In one of the film’s
most entrancing sequences, Nugroho pays direct homage to the story’s
puppet theatre lineage. The limpid beauty Artika Sari Devi, a former
Miss Universe contestant, plays Siti, who, we’re told, once danced
the role of Sinta, prior to abandoning her art out of “respect
for her husband.” She finds a series of white candles on the ground
outside her house and, venturing into the night, spies row after row
of identical white flames – adorning a courtyard and floating
on the surface of a cement pool. As the low, metallic overtones of
a gently percussive gamelan strike the soundtrack, we discover Ludiro,
the man who desires Siti, crouching among the candles, planting them
as if to lure her. In a stunning shot, her silhouette passes across
a white wall, with his figure, likewise in shadow, trailing behind.
Unbeknownst to them, a third outline appears: an ape-like creature
whose menacing gestures are in sinister, gyrating contrast to the nearly
still background of bare branches and watery ripples from light on
the pool.
Nugroho revels in
visual and aural non-sequiturs. He doesn’t tell us that the longhaired
Ludiro (a smashing performance by the dancer Eko Supriyanto) is a butcher;
we have to intuit that from the entrance Nugroho stages for him – stepping
out from the cover of a hook-dangling cattle carcass for his first big
production number, in which Supriyanto maneuvers around mannequin heads,
spray-painted red and gold, on plates on the floor, while singing that
anyone who opposes, “My commerce or my power…Thy blood shall
spill forth and drench the earth.” The well-muscled Supriyanto,
who choreographed his own moves and who spends most of the film bare-chested,
save for a sleeveless vest or two, later has tabletop jazz dance in a
bar. Swathed in cigar smoke and accompanied by a guitar that sounds like
an African kora, Supriyanto swivels his hips, extends his knees, and
pivots on his ankles and toes in a style somewhat reminiscent of Bob
Fosse’s early work.
Much
of the main action here has to do with Ludiro’s romantic, at times
epic, courtship of the married Siti, including the unraveling of a vast
red carpet that begins in the low center of the frame and stretches into
infinity across the width of the screen. Bordered by verdant tropical
foliage, Siti bicycles down the red swath until the carpet dovetails
into a curtain. At the edge of this threshold, the luminous Devi wanders
into a garden of fuchsia, orange and red flowers as tall as her waist.

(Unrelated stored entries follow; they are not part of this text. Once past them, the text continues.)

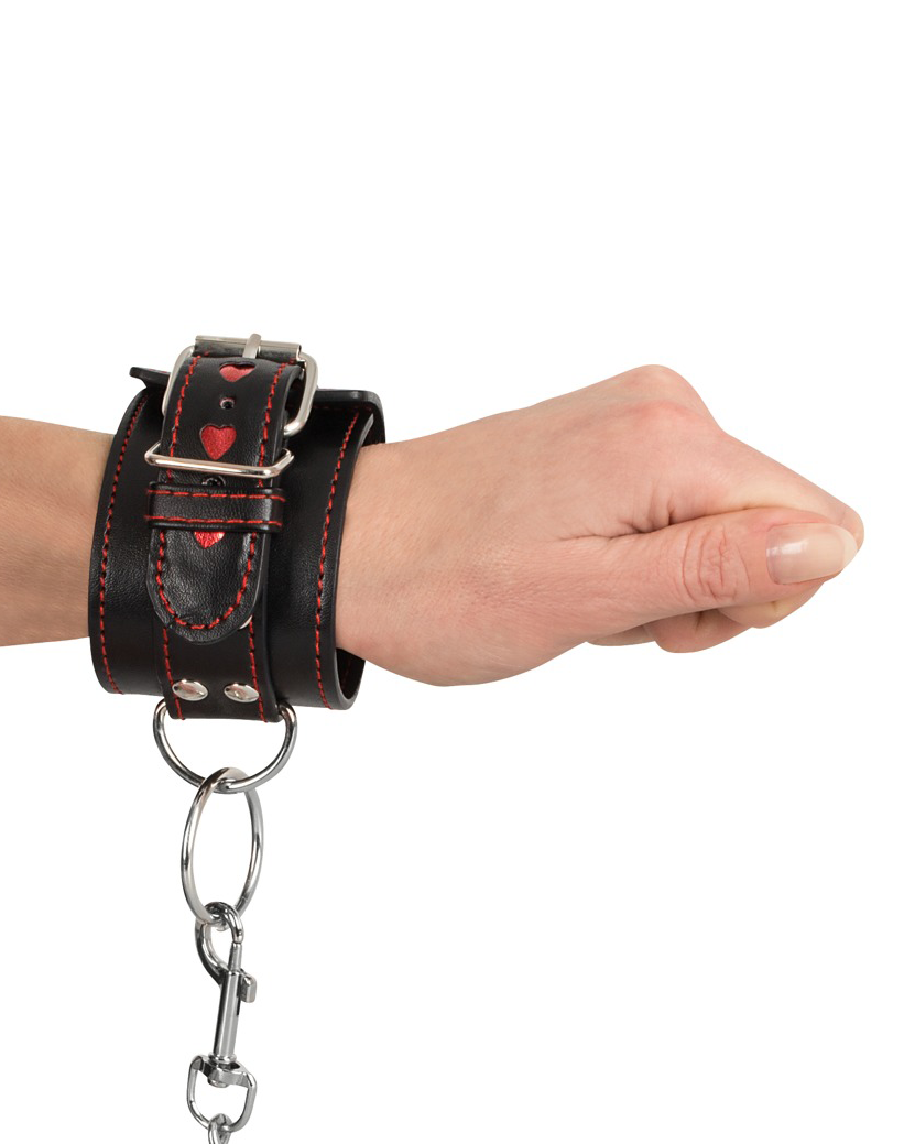 Esposas románticas en cuero sintético – Con corazones troquelados y cadena extraíble (ajustables)
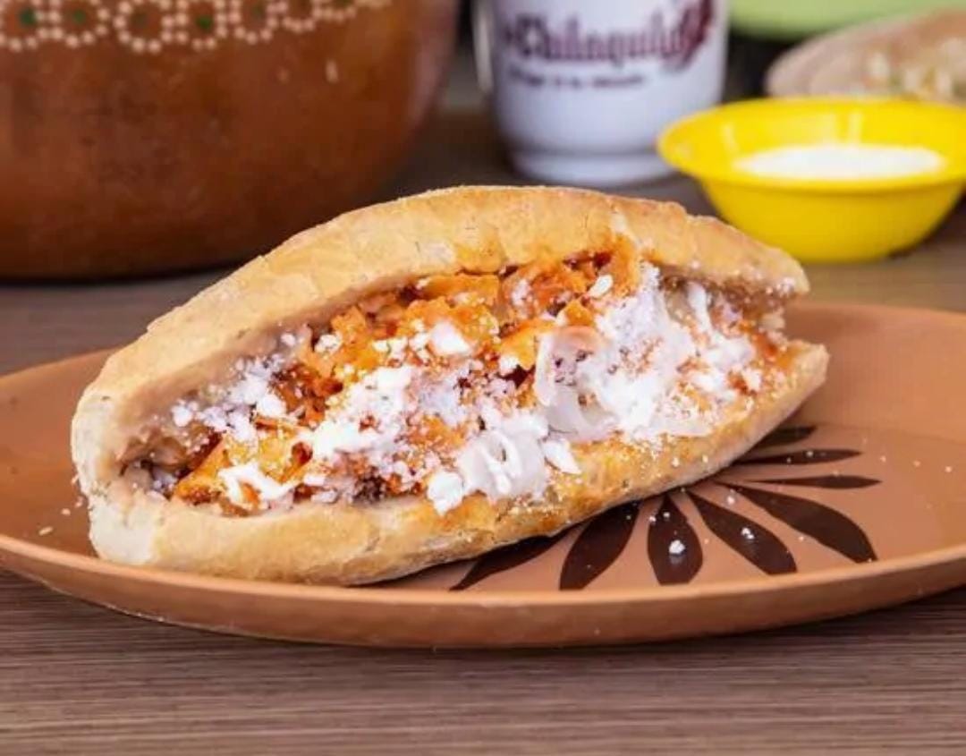 Lonche de chilaquiles rojos o verdes, con queso, crema y cebolla.
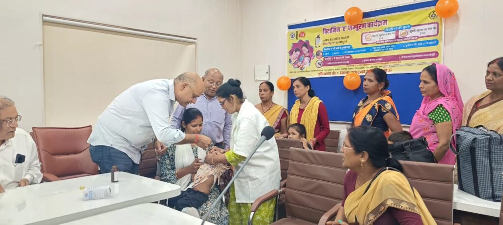 मऊ (राष्ट्र की परम्परा)। बुधवार को मुख्य चिकित्सा अधिकारी कार्यालय सभागार में विटामिन ‘ए’ सम्पूरण अभियान का शुभारंभ किया गया। अभियान का उद्घाटन सीएमओ डॉ. राहुल सिंह ने स्वयं बच्चों को विटामिन ‘ए’ की खुराक पिलाकर किया। यह विशेष अभियान 9 अगस्त तक चलेगा, जिसके अंतर्गत 9 माह से 5 वर्ष तक के बच्चों को विटामिन ‘ए’ की खुराक दी जाएगी। सीएमओ डॉ. राहुल सिंह ने बताया कि यह विटामिन ‘ए’ खुराक बच्चों को टीकाकरण सत्र स्थलों पर निशुल्क उपलब्ध कराई जा रही है। पहली खुराक 9 माह की उम्र में 1 एमएल, दूसरी खुराक 16 माह पर 2 एमएल और फिर हर 6 महीने में एक खुराक दी जानी है, जो 5 वर्ष की आयु तक दी जाती है।
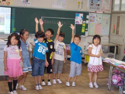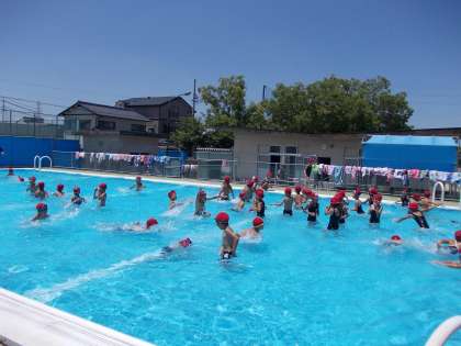 今日は、とてもよい天気で、プール日和でした。1年生の子どもたちは、プールが大好きで、水遊びを思い切り楽しんでいます。
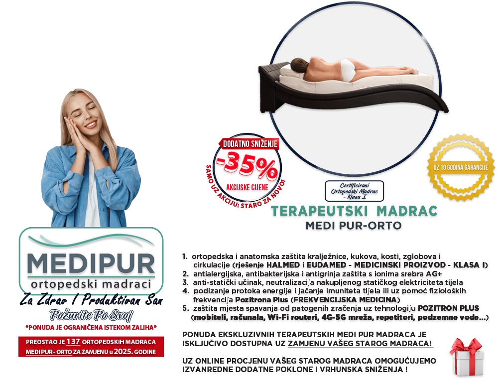 Javite nam se već danas za potpuno besplatnu procjenu vašeg starog madraca i zamjenu za jedan od četiri visokokvalitetna i EKSKLUZIVNA modela MEDI PUR madraca, te provjerite zašto je preko 30,000 naših zadovoljnih kupaca odabralo jedini cjeloviti ortopedski program zdravog spavanja na hrvatskom tržištu sa 5 dokazanih zaštitnih učinaka na ljudsko zdravlje.

She seems to have entered a kind of wonderland. (Though perhaps she’s
always in one.)
Nugroho often mixes
up the timeframe, so that the events unfolding in this village could
occur at almost any point in history. When Ludiro corrals troops into
battle, we see armies clad in everything from bells on leg warmers
to Indian chief headdresses, modern military caps and red ruffled fringe – an
assortment of which costume designer Samuel Watimena can be justly proud.
Two or three times, a television announcer reports on civil unrest, yet
these rectangular TV sets broadcast no images – the screens being
crusted over by a coating of
sand and dried mud.
Rahayu Supanggah’s
gamelan score beguilingly carries the movie through a range of moods,
and cinematographer Teoh Gay Hian does brilliantly textured wide-angle
work, perhaps never more so than in an
on-the-beach finale where the caresses of a man and woman are photographed
through a fluttering veil of windswept yellow gauze.